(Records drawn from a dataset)

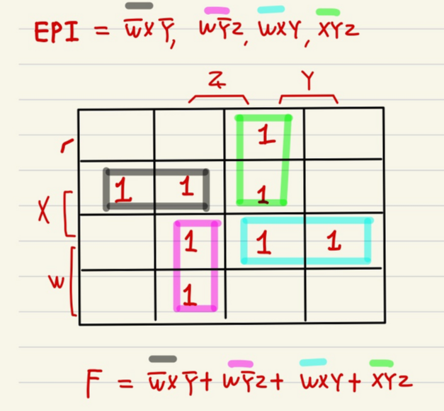 위의 EPI대로 카르노맵을 그리면 아래와 같습니다.
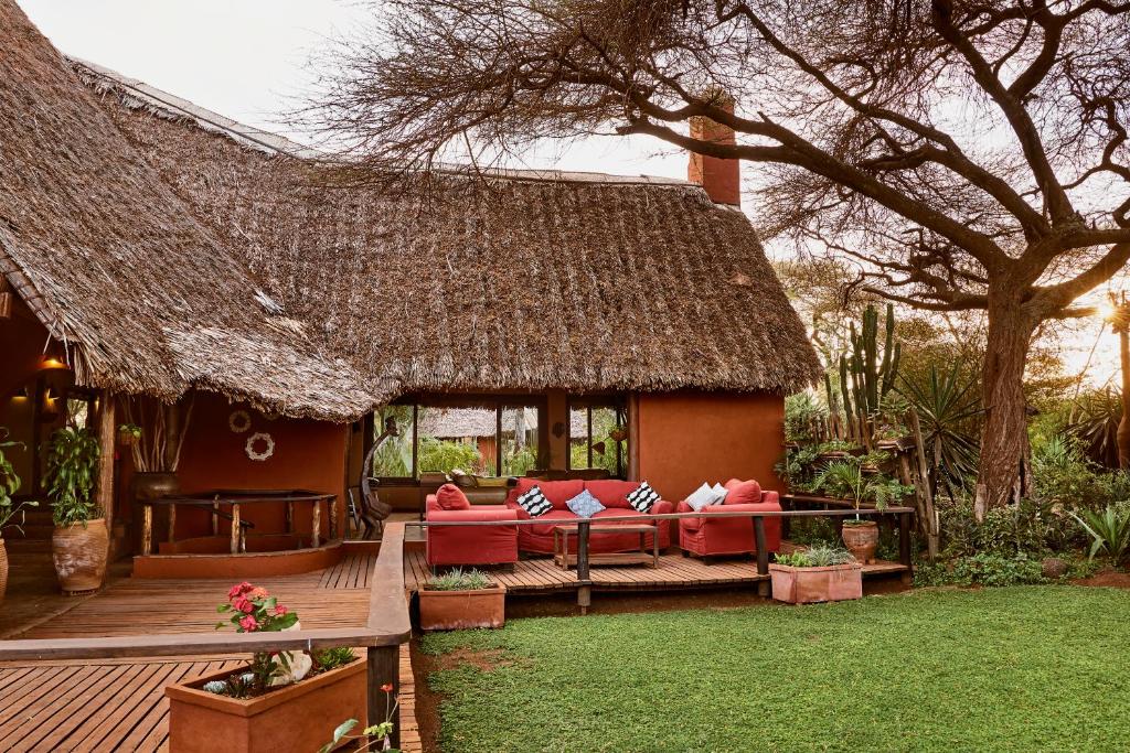 Tawi Lodge is a boutique eco-lodge set on a private conservancy near Amboseli National Park, with uninterrupted views of Mount Kilimanjaro. The property features thatched cottages with stone fireplaces, freestanding tubs, outdoor showers, and private verandas facing a busy waterhole. Facilities include a swimming pool shaded by acacia trees, a spa offering massage treatments, and a dining area serving farm-to-table cuisine. Built with sustainable materials and powered partly by solar, the lodge maintains a strong focus on conservation and community partnerships.
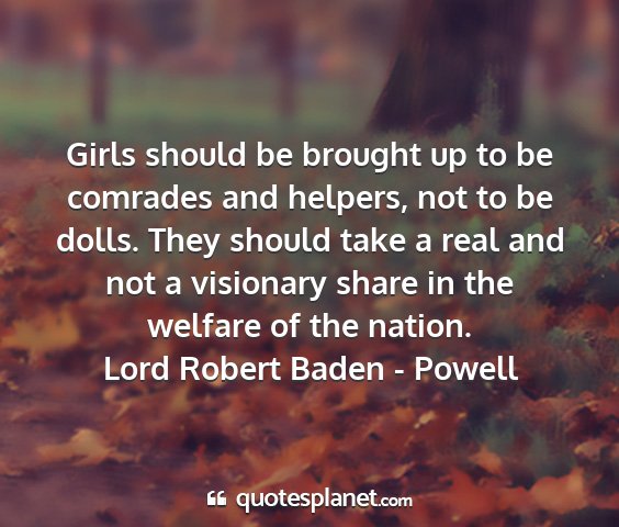 Girls should be brought up to be comrades and helpers, not to be dolls. They should take a real and not a visionary share in the welfare of the nation.Lord Robert Baden - Powell
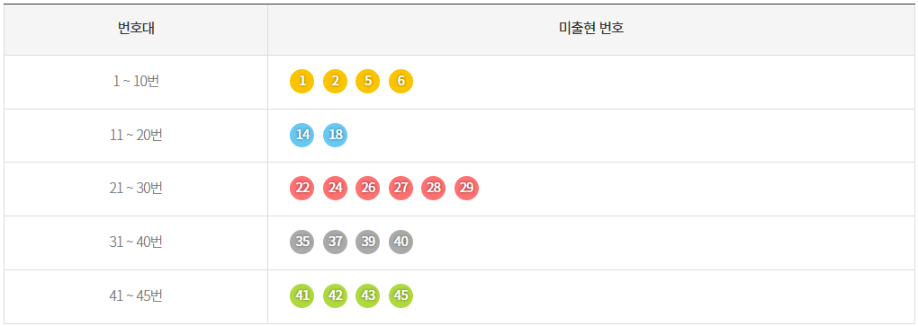 최근 5주간 미출현 번호 구간을 아래에 한 번 알아보도록 하겠습니다.
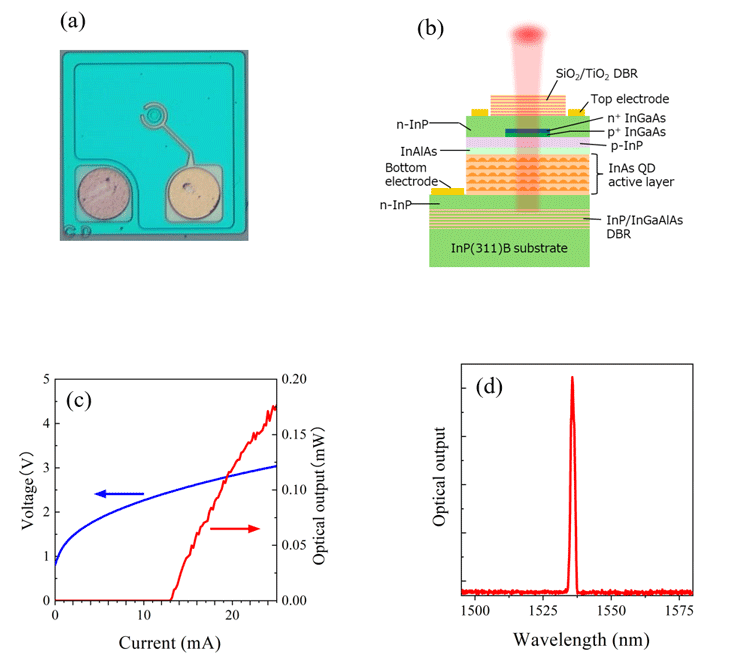 VCSELs employing quantum dots as optical gain materials, exhibit excellent temperature stability. In addition, VCSELs exhibit scalable structures that enable mass production. These characteristics are expected to enable higher performance, reduced cost, and higher output via the integration of optical communication wavelength-band lasers.
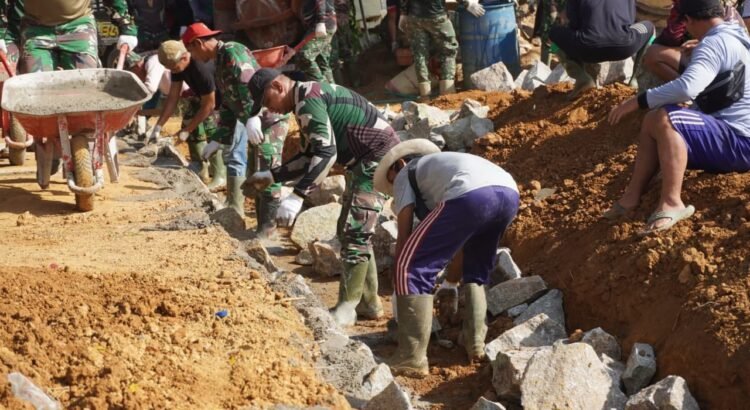 Kotawaringin Timur – Satgas TMMD Reguler ke-127 bersama masyarakat terus mempercepat pemasangan batu siring sebagai penahan tanah badan jalan, Sabtu (14/02/2026).
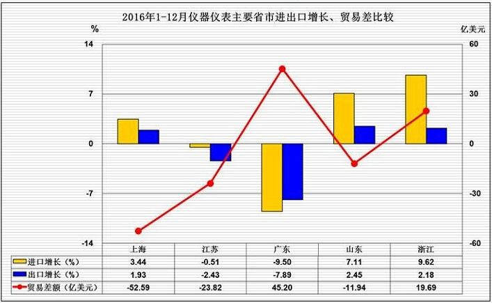 2016年1-12月份,全國31個省市儀器儀表行業進出口累計貿易逆差1045288萬美元,比上年同期增加52131萬美元,上升5.25%。全國只有廣東、浙江、河南和江西等4個省實現貿易順差,合計實現順差662923萬美元。其余27個省市合計逆差1708211萬美元。天津、河南等12個省市同比合計減少逆差132535萬美元,天津減少多(55958萬美元),其余18個省市合計增加逆差184666萬美元。
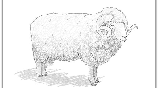 В этом уроке мы рассмотрим, как нарисовать барана карандашом поэтапно для начинающих. Рисуем круг, это голова и тело в виде прямоугольника. Затем на голове отмечаем его середину линией и пририсовываем морду. Изображаем ноги барана. Нарисуйте мордочку, нос, рот и глаз, потом спиралями покажите рога и мелкими закругленными движениями показываем шерсть на голове и шее. Дорисовываем рога и мордочку. Нарисуйте тело барана, линии не прямые, а показывающие пушистость шерсти, как будто рука дрожит мелкой дрожью...
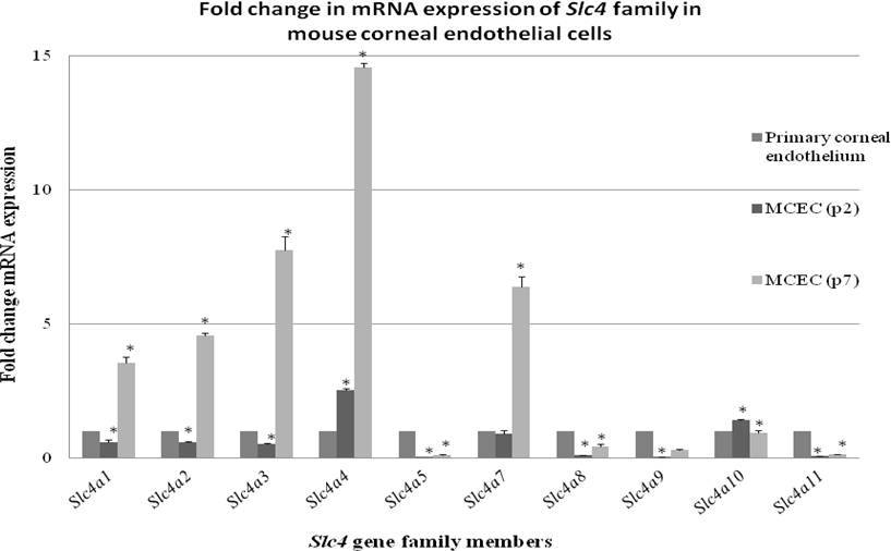 Figure 5. Slc4 gene expression in cultured mouse corneal endothelial cells. The expression of Slc4 genes was compared between cultured cells (passage 2 and 7) and the primary corneal endothelium, which served as the calibrator
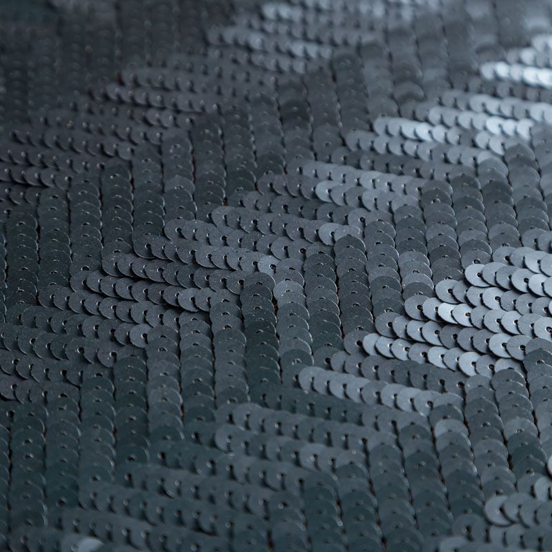 Двухсторонние пайетки на трикотажной сетчатой основе иссиня-черного оттенка образуют узор в виде полоски и елочки. Пайетки среднего размера, с умеренным блеском. Полотно мягкое и пластичное, хорошо тянется, благодаря этому изделия получаются удобными и великолепно садятся по фигуре. Отлично подойдет для пошива  вечерних нарядов, костюмов для концертных выступлений, а также для танцев и гимнастики.

* **PROBLEM TO WORK ON**:
The response should repeat each record precisely and contain no pictures.

* **ANSWER BOX**:
 위의 EPI대로 카르노맵을 그리면 아래와 같습니다.
 Tawi Lodge is a boutique eco-lodge set on a private conservancy near Amboseli National Park, with uninterrupted views of Mount Kilimanjaro. The property features thatched cottages with stone fireplaces, freestanding tubs, outdoor showers, and private verandas facing a busy waterhole. Facilities include a swimming pool shaded by acacia trees, a spa offering massage treatments, and a dining area serving farm-to-table cuisine. Built with sustainable materials and powered partly by solar, the lodge maintains a strong focus on conservation and community partnerships.
 Girls should be brought up to be comrades and helpers, not to be dolls. They should take a real and not a visionary share in the welfare of the nation.Lord Robert Baden - Powell
 최근 5주간 미출현 번호 구간을 아래에 한 번 알아보도록 하겠습니다.
 VCSELs employing quantum dots as optical gain materials, exhibit excellent temperature stability. In addition, VCSELs exhibit scalable structures that enable mass production. These characteristics are expected to enable higher performance, reduced cost, and higher output via the integration of optical communication wavelength-band lasers.
 Kotawaringin Timur – Satgas TMMD Reguler ke-127 bersama masyarakat terus mempercepat pemasangan batu siring sebagai penahan tanah badan jalan, Sabtu (14/02/2026).
 2016年1-12月份,全國31個省市儀器儀表行業進出口累計貿易逆差1045288萬美元,比上年同期增加52131萬美元,上升5.25%。全國只有廣東、浙江、河南和江西等4個省實現貿易順差,合計實現順差662923萬美元。其余27個省市合計逆差1708211萬美元。天津、河南等12個省市同比合計減少逆差132535萬美元,天津減少多(55958萬美元),其余18個省市合計增加逆差184666萬美元。
 В этом уроке мы рассмотрим, как нарисовать барана карандашом поэтапно для начинающих. Рисуем круг, это голова и тело в виде прямоугольника. Затем на голове отмечаем его середину линией и пририсовываем морду. Изображаем ноги барана. Нарисуйте мордочку, нос, рот и глаз, потом спиралями покажите рога и мелкими закругленными движениями показываем шерсть на голове и шее. Дорисовываем рога и мордочку. Нарисуйте тело барана, линии не прямые, а показывающие пушистость шерсти, как будто рука дрожит мелкой дрожью...
 Figure 5. Slc4 gene expression in cultured mouse corneal endothelial cells. The expression of Slc4 genes was compared between cultured cells (passage 2 and 7) and the primary corneal endothelium, which served as the calibrator
 Двухсторонние пайетки на трикотажной сетчатой основе иссиня-черного оттенка образуют узор в виде полоски и елочки. Пайетки среднего размера, с умеренным блеском. Полотно мягкое и пластичное, хорошо тянется, благодаря этому изделия получаются удобными и великолепно садятся по фигуре. Отлично подойдет для пошива  вечерних нарядов, костюмов для концертных выступлений, а также для танцев и гимнастики.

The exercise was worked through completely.